Turns out the model gives even better accuracy with bigrams and trigrams included. But watch out! Checking the confusion matrices, we see that the model is now perfect on non-spam messages, but the error on spam messages has increased. This might not be what we want, so we have to be careful with interpreting our models!

confusion_matrix(y_val, preds.T, normalize=None)

array([[968,   2],
       [ 12, 133]])

confusion_matrix(y_val, preds.T, normalize="true")

array([[0.99793814, 0.00206186],
       [0.08275862, 0.91724138]])

Binarized version

You can also try the binarized version of the term document matrix (i.e. instead of frequencies we look at whether a word is present or not)

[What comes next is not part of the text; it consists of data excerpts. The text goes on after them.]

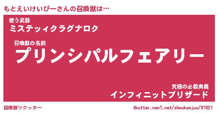| 女子向けラノベタイトル風あだ名 | 『もとえいけいびー姫と円卓の騎士』 |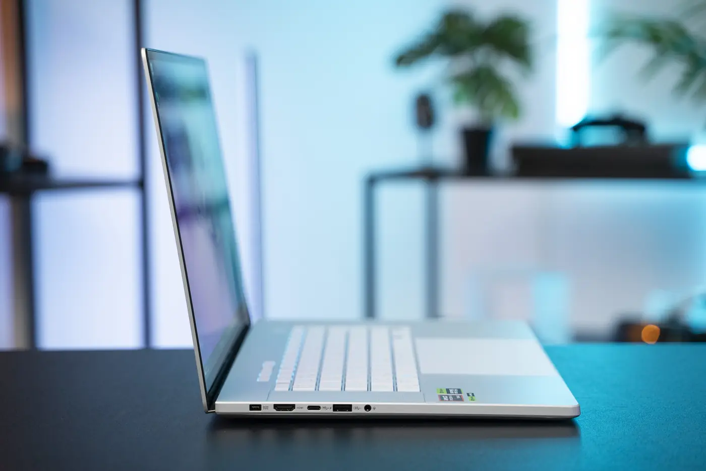 ROG Zephyrus G16 má tenké a ľahké šasi – vzhľadom na výkon, ktorý ponúka. Jeho hrúbka je iba 17 mm, hmotnosť je 1,85 kg. Z hľadiska pomeru kompaktnosť šasi/výkon ide o jeden z najatraktívnejších Windows notebookov na trhu so 16-palcovým displejom.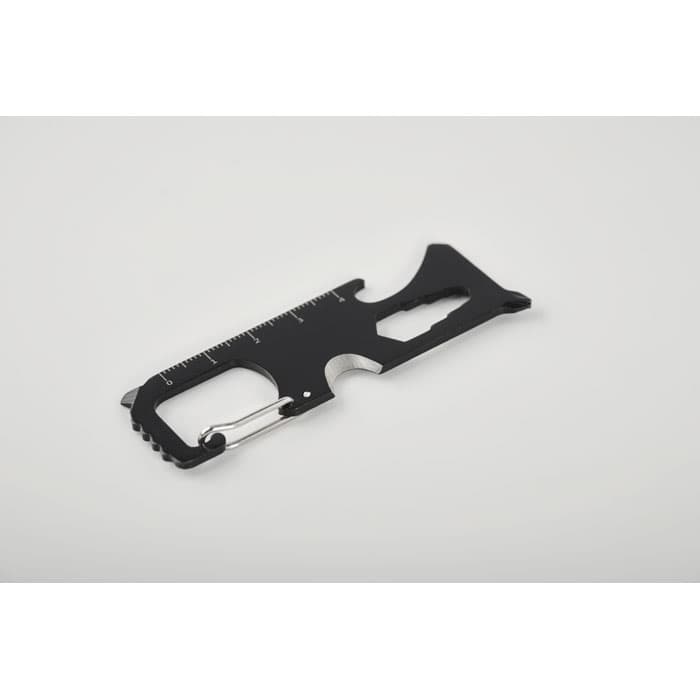 Roestvrijstalen multitool voor zakkaarten. 8 functies. Inclusief: tandzaag, draadknipper, moersleutel, kruiskopschroevendraaier, sleufschroevendraaier, maatverdeling, flesopener en sleutelhanger.
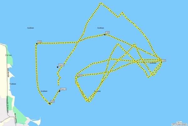 Von der Rennkommission wurde beschlossen, dass die lange Strecke zu segeln ist. Nach dem Passieren der Startlinie müssen die Bojen 1 und 4 dreimal umrundet werden. Danach ist ein Trapez zu segeln: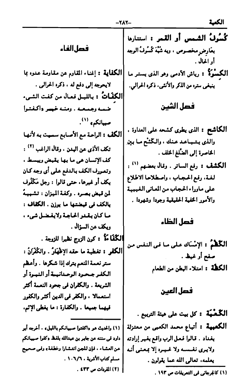الكف: الراحة مع الأصابع سميت به لأنها تكف الأذى عن البدن، وقال الراغب2: كف الإنسان هي ما بها يقبض ويبسط، وتعورف الكف بالدفع على أي وجه كان بكف أو غيرها، حتى قالوا: رجل مكفوف لمن قبض بصره. وكفه الميزان: تشبيه بالكف في قبضتها ما يوزن. الكفاف: ما كان بقدر الحاجة ولا يفضل شيء، ويكف عن السؤال.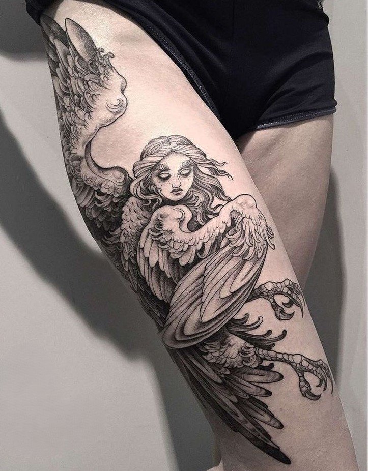 - Blauzdos ir šlaunys: puikus pasirinkimas vidutinio dydžio tatuiruotėms, kurios subtiliai dera prie kūno linijų.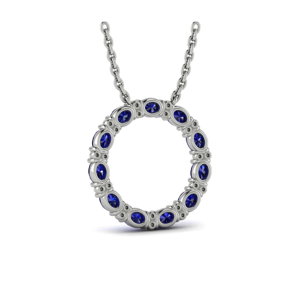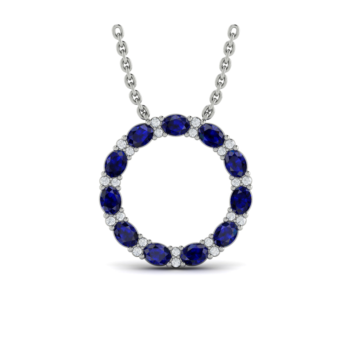 Oval Blue Sapphire and Diamond Open Circle Pendant Necklace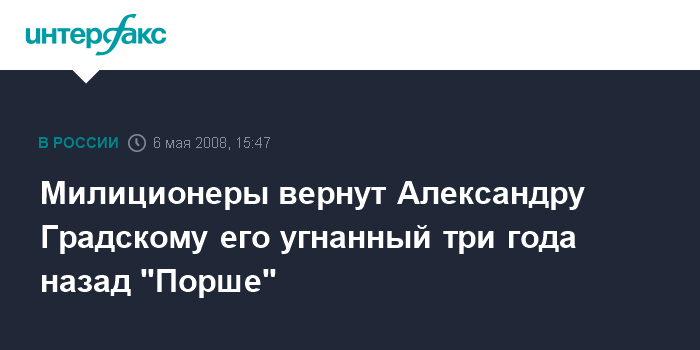 Москва. 6 мая. INTERFAX.RU - В городе Братске Иркутской области обнаружен угнанный в декабре 2005 г. в центре Москвы автомобиль "Порше Кайен", принадлежавший известному певцу и композитору Александру Градскому.
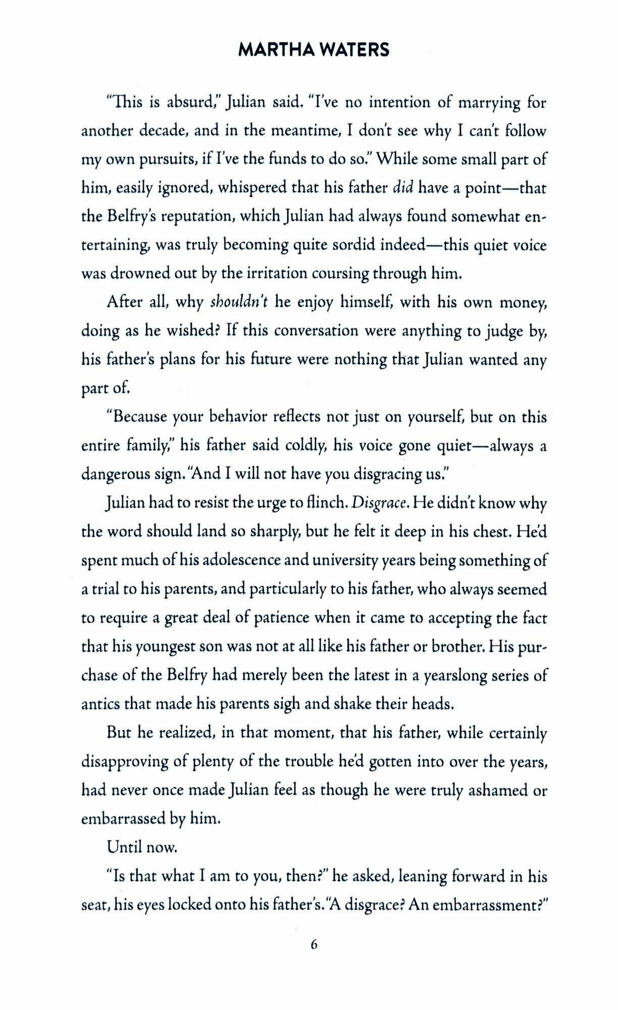 Lord Julian Belfry is the second son of a marquess, but has managed to scandalise polite society with his acting career and the fact that he owns a less than salubrious theatre.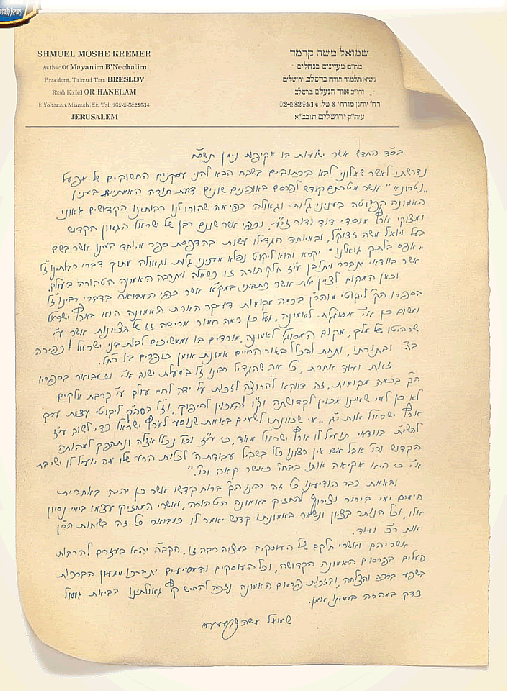 Rabbi Shmuel Moshe Kremer of Breslov, Jerusalem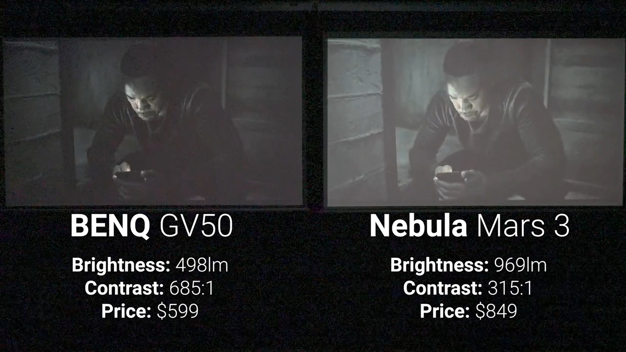 So round 6 puts the BENQ GV50 on the left and last year’s overall picture quality winner, the Nebula Mars 3 on the right, and what it boils down to is that these projectors are not made for the same purpose. The brightness and tone mapping on the Mars 3 make it absolutely ideal for projecting onto imperfect surfaces, and while the black levels are kind of terrible and the image isn’t necessarily true to what the director intended, it’s just generally easy to watch and it’s almost like extra lighting gets added to every scene, which again is something you’ll appreciate if you’re projecting onto imperfect surfaces with imperfect lighting control. That said, for this test in a dark room, the BENQ was still just about as good as I could ask for with great tone mapping, sharpness, and shadow detail without muddy gray black levels.

pre_preds = val_term_doc.sign() @ ratio.T + b
preds = pre_preds.T > 0
(preds == y_val).mean()

0.9874439461883409

Learning the parameters with logistic regression

Finally, you might try taking it to the next level and learning the parameters with a logistic regression instead of using the theoretical ones. Check the parameters C for regularization and dual=True for when you term document matrix is much wider than it is tall.

m = LogisticRegression(C=1e1, dual=False)
m.fit(train_term_doc, y_train)
preds = m.predict(val_term_doc)
(preds == y_val).mean()

0.9811659192825112


# Binarized version
m = LogisticRegression(C=1e1, dual=False)
m.fit(train_term_doc.sign(), y_train)
preds = m.predict(val_term_doc.sign())
(preds == y_val).mean()

0.9802690582959641

Conclusion

We’ve managed to build a fast and considerably accurate naive Bayes model in just 10 lines of code. We’ve also discussed some ways for how it could be improved and adapted to your own problems, e.g. using n-grams, trying the binarized version or employing a logistic regression to learn the parameters.

It turns out that the best linear model that we can build (i.e. not involving RNNs or transformer) is actually a combination of naive Bayes and logistic regression, but that that is something for another time, although you can check this lesson from fast.ai if you want to find out more yourself.